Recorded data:
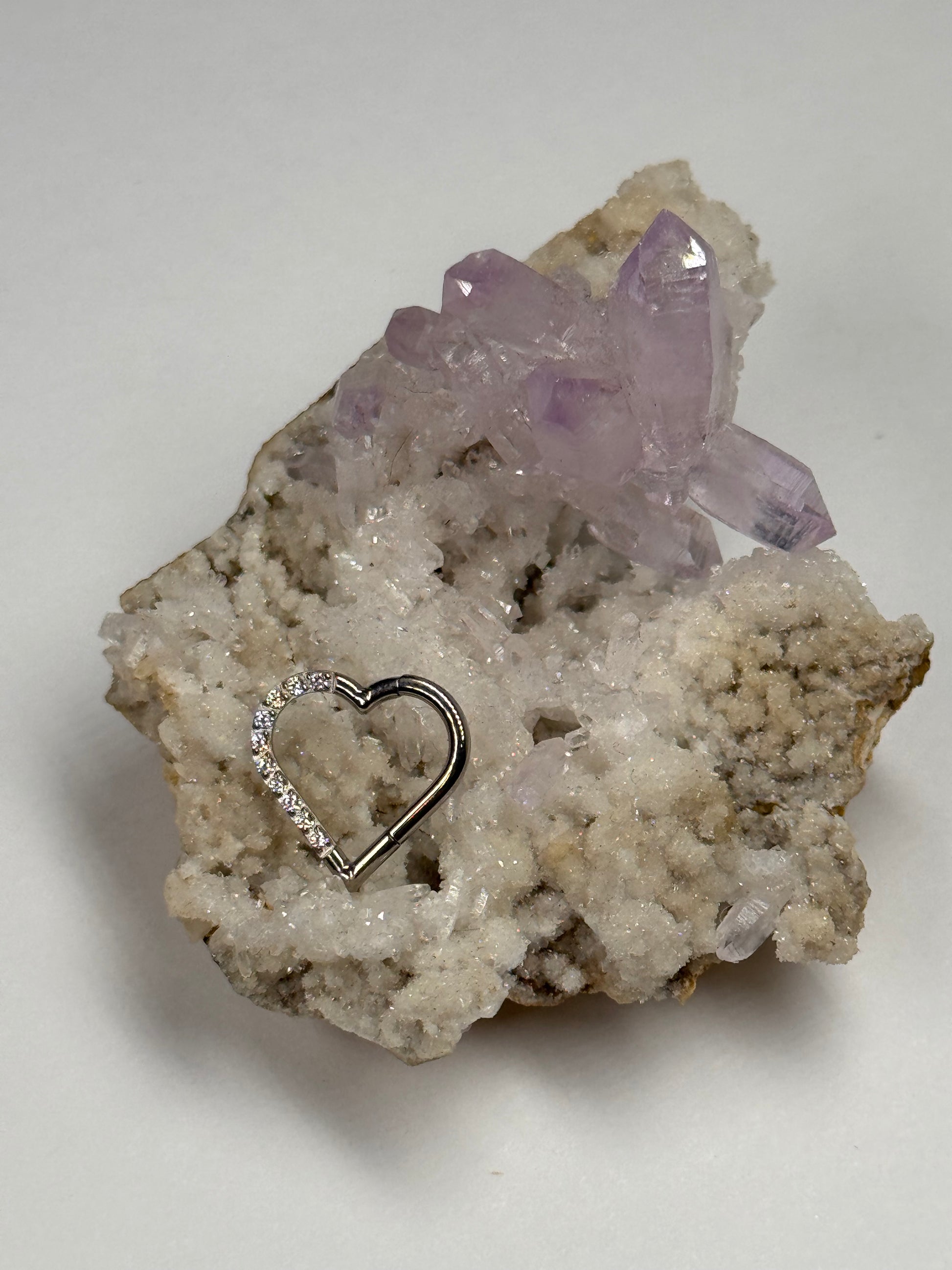 Hermosa Argolla clicker de corazon con Zirconias en Titanio grado implante
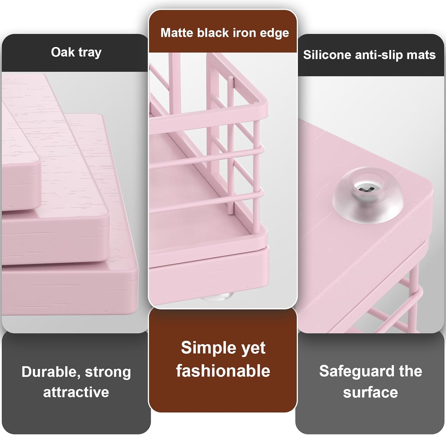 - Cost-effective: No assembly required, easy to clean. The tray crafted from iron and oak is simple and attractive. The solid bottom ensures items won't fall. With silicone non-slip pads, it provides both anti-slip functionality and better protection for surfaces
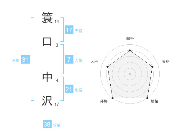 簑口 中沢さんを姓名の画数から五運を鑑定
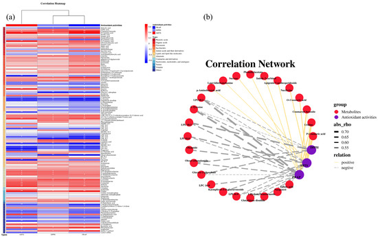 The correlation heatmap (a) and correlation network (b) among antioxidant activities and the relative content of metabolites. * indicated p < 0.05; ** indicated p < 0.01.
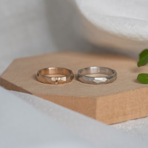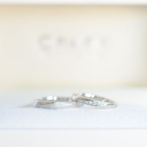 デザインは2人が気に入った加工を組み合わせました。職人さんの技術がたくさん詰め込まれていて、異なる質感や光の反射を楽しめます。 たくさんの材質や加工から選び、店員さんとデザインを決めていったので、どこにも売っていない特別感に満足しています!
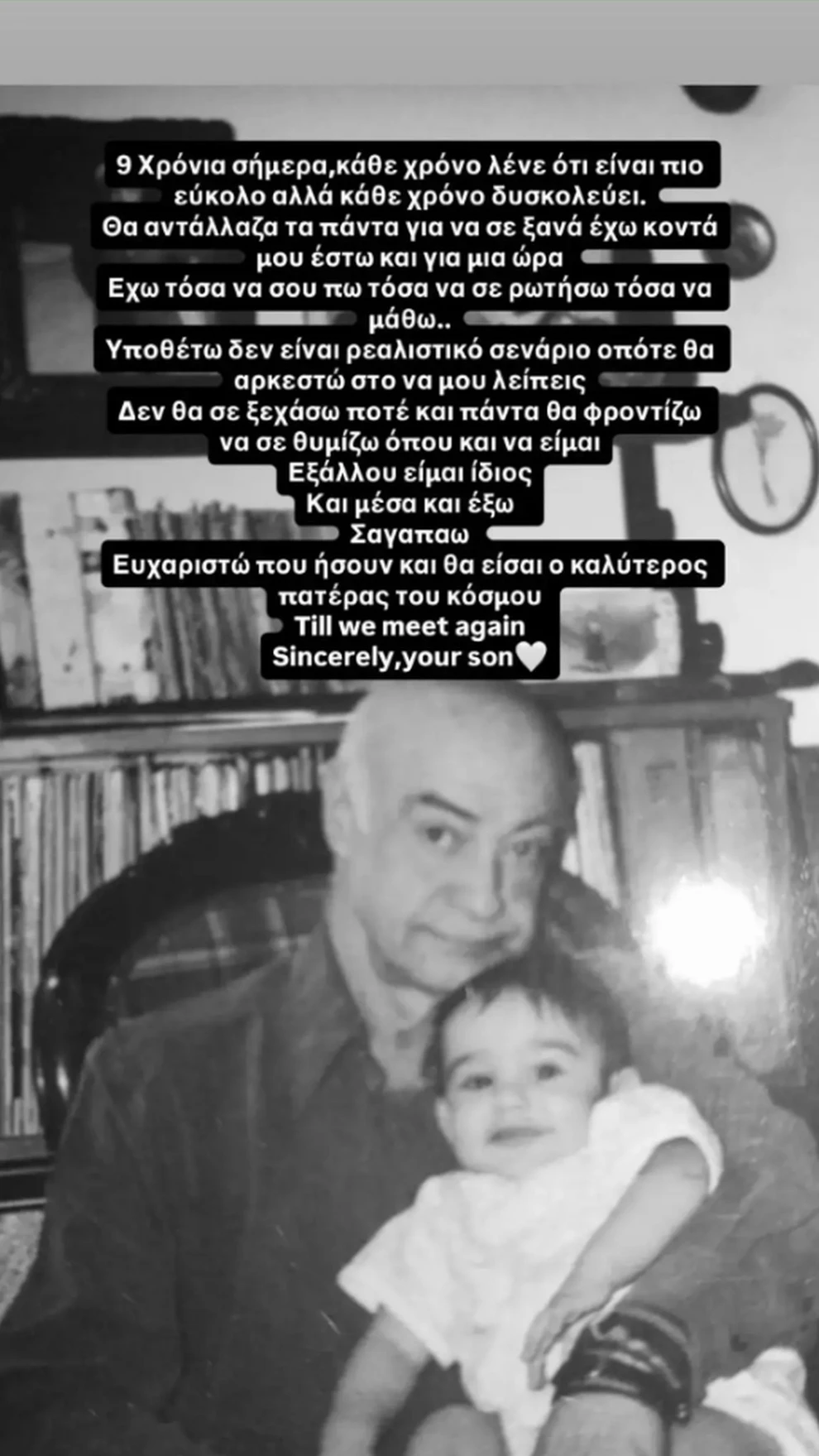 «9 χρόνια σήμερα, κάθε χρόνο λένε ότι είναι πιο εύκολο, αλλά κάθε χρόνο δυσκολεύει. Θα αντάλλαζα τα πάντα για να σε ξανά έχω κοντά μου έστω και για μία ώρα. Έχω τόσα να σου πω, τόσα να σε ρωτήσω, τόσα να μάθω. Υποθέτω δεν είναι ρεαλιστικό σενάριο, οπότε θα αρκεστώ στο να μου λείπεις» γράφει ο Νίκος Μπάρκουλης.
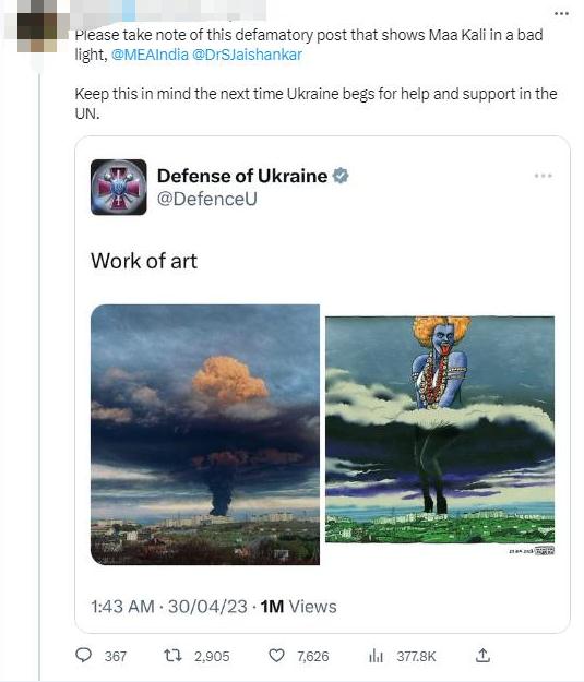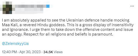 有推特網(wǎng)友@印度外交部和外長(zhǎng)蘇杰生“請(qǐng)注意這篇詆毀女神卡莉的誹謗帖子。下次烏克蘭在聯(lián)合國(guó)尋求幫助和支持時(shí),請(qǐng)記住這一點(diǎn)。”
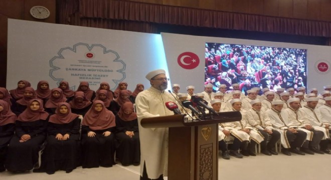 Diyanet İşleri Başkanı Ali Erbaş, Çankaya Belediyesi tarafından düzenlenen “Çankaya Hafızlık İcazet Merasimi"ne katıldı. Erbaş, Hz. Muhammed’in vasiyetinde Kur'an-ı Kerim’i ve peygamber sünnetini emanet bıraktığını ifade ederek, “İşte hafızlarımız, Allah Resulü Efendimiz, 23 sene boyunca Kur’an ile nasıl insanlığı karanlıklardan aydınlığa çıkarmak için üzerinde vazife olan şahitliğini, müjdeciliğini, uyarıcılığını, davetini, irşadını nasıl yaptıysa bu emanet bizim üzerimizde şimdi. Allah Resulü'nün varisleri üzerinde, Allah Resulü'ne varsa olmaya en çok hak eden de hafızlardır. Tebrik ediyorum hafızlarımızı. Allah Resulü'ne varis olmaktan daha büyük bir unvan var mı yeryüzünde. Dünyevi unvanların hepsini bir kenara koyun hafız olmak, hafız-ı kelam olmak işte unvanların en büyüğü. Hafızlarımız bu unvana sahip oldular” şeklinde konuştu.
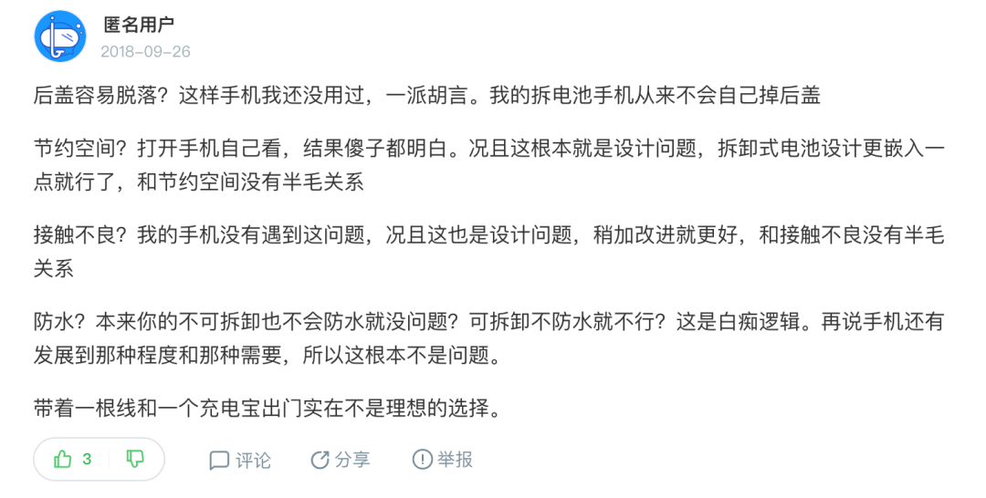 有网友认为:可拆卸电池只是更嵌入一点,并没有多大关系。
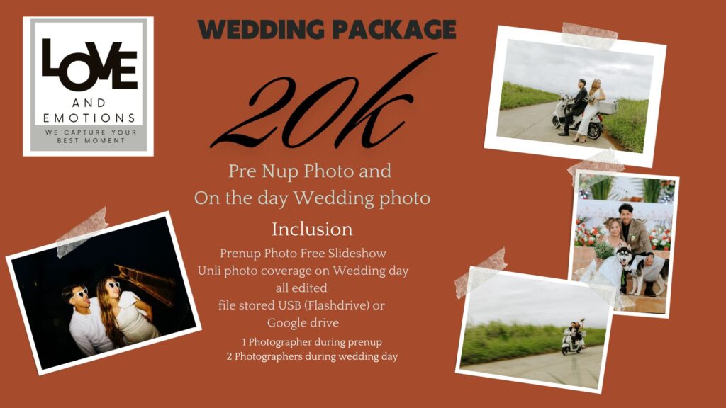 Get the best of both worlds with our “Pre-Nup Photo and On-the-Day Wedding Photo” package for only ₱20,000! This package includes a beautiful Prenup Photo Free Slide…
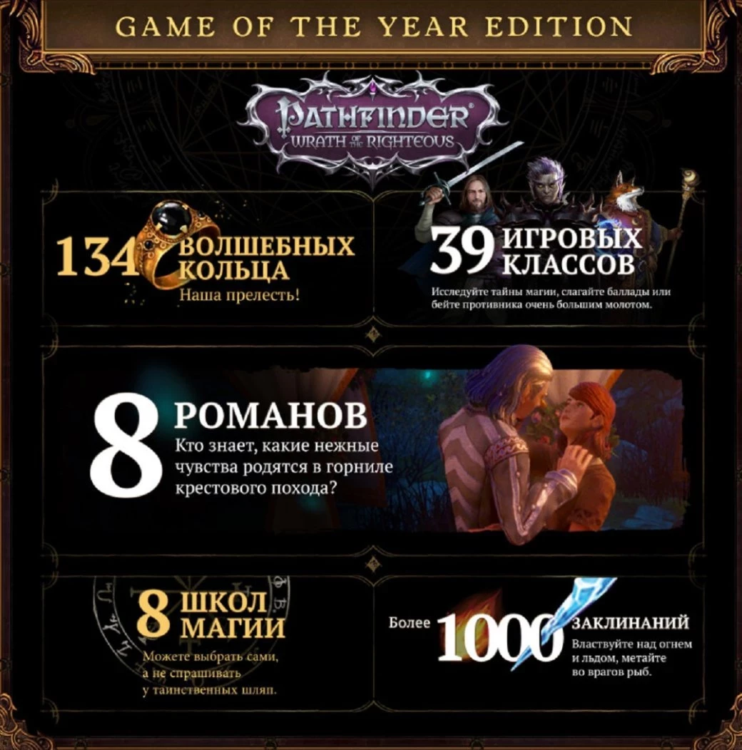 Ещё в Pathfinder: Wrath of the Righteous есть целых восемь школ магии, а при желании получиться обучиться более тысяче заклинаний. Это будет как стихийная магия, вроде огненных или ледяных атак, так и что-то экзотическое. К примеру, возможность метаться во врагов рыбами. А усилить магические таланты смогут волшебные кольца — «прелестей Голлума» насчитывается 134 штуки.
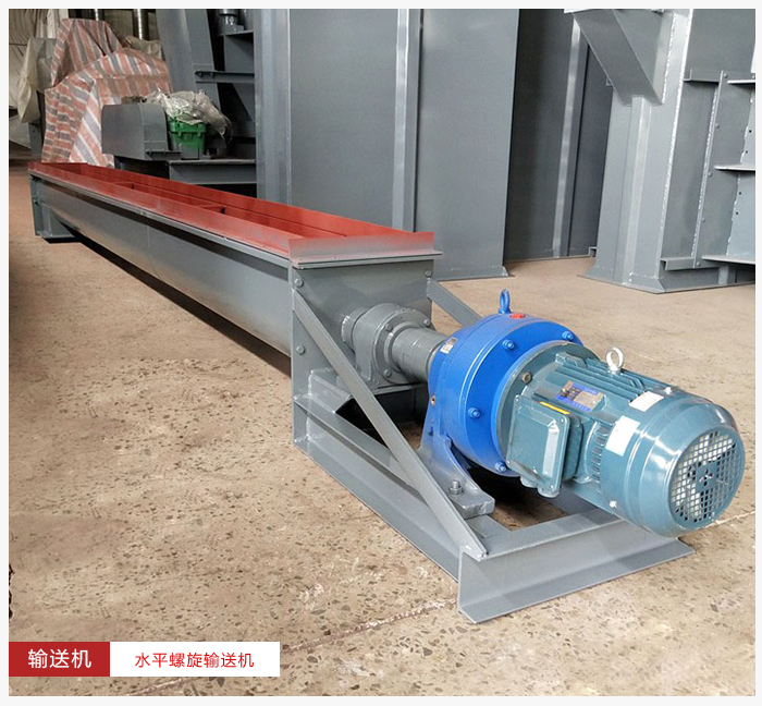 水平螺旋輸送機是將物料均勻地喂送到下道工序中,在驅動裝置中電動機帶動減速機,再由聯軸器傳遞給螺旋軸當物料從進料口進去后,在螺旋葉片的作用下將物料均勻輸出。
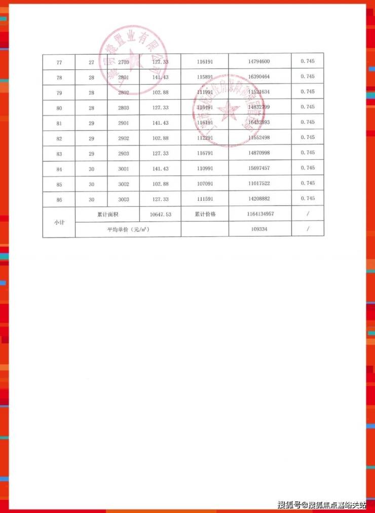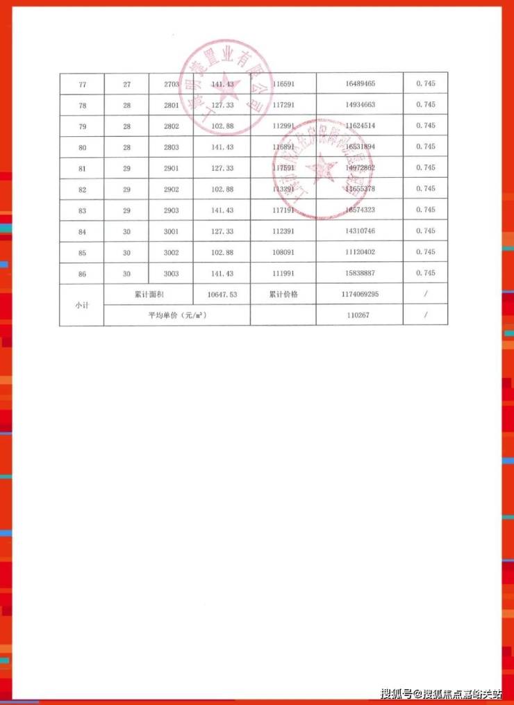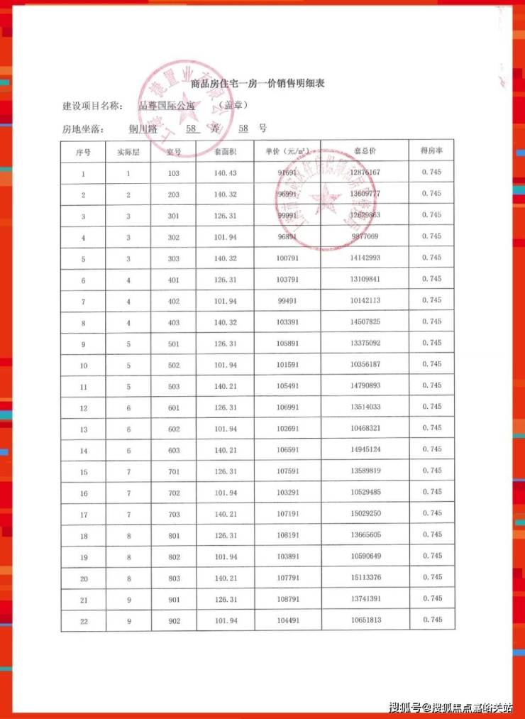一房一价表如下:
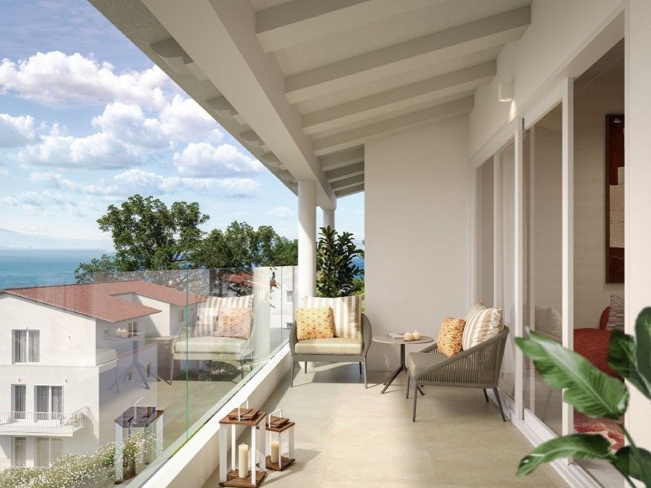 NOVI VINODOLSKI – Penthouse in erster Strandreihe mit Hotelausstattung DUX präsentiert exklusiv ein einzigartiges Luxus-Resort in Novi Vinodolski, in erster Strandreihe gelegen, mit eigenem Privatstrand und Hotelausstattung für ein rundum mediterranes Erlebnis. Das luxuriöse Penthouse befindet sich im zweiten Stock der Residenz A und bietet eine Wohnfläche von 116 m². Herzstück des Penthouses ist ein großzügiger, offener Wohnbereich mit Küche und Essbereich (43 m²). Vom Wohnbereich gelangt man auf eine geräumige Terrasse. Vom Eingangsbereich aus erreicht man zwei Schlafzimmer (je 25 m²), die jeweils über ein eigenes Badezimmer verfügen. Das Hauptschlafzimmer besticht durch direkten Zugang zum Balkon, während das zweite Schlafzimmer denselben Komfort und dieselbe Privatsphäre bietet. Das Penthouse umfasst außerdem ein Gäste-WC und einen Abstellraum. Die Inneneinrichtung erfolgt nach den Vorgaben des Verkäufers und wird pauschal abgerechnet. Die komplette Möblierung obliegt dem Investor. Das Resort bietet zudem zahlreiche Annehmlichkeiten, die den Lebensstandard deutlich erhöhen. Es gibt drei Swimmingpools mit Lounge-Bereichen, ein Wellness- und Spa-Center, einen Privatstrand, Restaurants und Bars sowie weitere Einrichtungen wie einen Tennisplatz, ein Indoor-Spielzimmer und einen Wasserpark für die Kleinsten. Zusätzlich stehen Ihnen À-la-carte-Services wie Wäscheservice, Lebensmittellieferung, Auto- oder Bootsverleih, Ausflugsbuchungen, ein Personal Trainer, Massagen in der Residenz und Babysitter-Service zur Verfügung. Mit dem Kauf einer Residenz erhalten Sie außerdem eine exklusive Mitgliedschaft im Accor Ownership Benefits Programm mit VVIP-Status und zahlreichen Vorteilen. Für die Nutzung der Einrichtungen innerhalb dieser exklusiven Anlage zahlt der zukünftige Eigentümer eine jährliche Pauschalgebühr. Diese beinhaltet die Nutzung aller Gemeinschaftseinrichtungen sowie die regelmäßige Instandhaltung der Anlage. Die genannte Gebühr umfasst Leistungen wie die Außenreinigung, die Gartenpflege und die Bewässerungsanlagen. So können Eigentümer den hohen Lebensstandard dieser Anlage unbeschwert genießen. Das Resort verfügt über eine private Tiefgarage mit 450 Stellplätzen, davon 304 für Eigentümer, sowie 10 Ladestationen für Elektrofahrzeuge. Für eine Besichtigung oder weitere Informationen kontaktieren Sie bitte vertrauensvoll den Makler. Beratungen sind auch auf Deutsch möglich.

**What to produce:**
Using the records above, print exactly the lines between the ones containing "Diyanet İşleri Başkanı" and "Get the best", inclusive, and nothing else; no pictures.

**Answer for the task:**
 Diyanet İşleri Başkanı Ali Erbaş, Çankaya Belediyesi tarafından düzenlenen “Çankaya Hafızlık İcazet Merasimi"ne katıldı. Erbaş, Hz. Muhammed’in vasiyetinde Kur'an-ı Kerim’i ve peygamber sünnetini emanet bıraktığını ifade ederek, “İşte hafızlarımız, Allah Resulü Efendimiz, 23 sene boyunca Kur’an ile nasıl insanlığı karanlıklardan aydınlığa çıkarmak için üzerinde vazife olan şahitliğini, müjdeciliğini, uyarıcılığını, davetini, irşadını nasıl yaptıysa bu emanet bizim üzerimizde şimdi. Allah Resulü'nün varisleri üzerinde, Allah Resulü'ne varsa olmaya en çok hak eden de hafızlardır. Tebrik ediyorum hafızlarımızı. Allah Resulü'ne varis olmaktan daha büyük bir unvan var mı yeryüzünde. Dünyevi unvanların hepsini bir kenara koyun hafız olmak, hafız-ı kelam olmak işte unvanların en büyüğü. Hafızlarımız bu unvana sahip oldular” şeklinde konuştu.
 有网友认为:可拆卸电池只是更嵌入一点,并没有多大关系。
 Get the best of both worlds with our “Pre-Nup Photo and On-the-Day Wedding Photo” package for only ₱20,000! This package includes a beautiful Prenup Photo Free Slide…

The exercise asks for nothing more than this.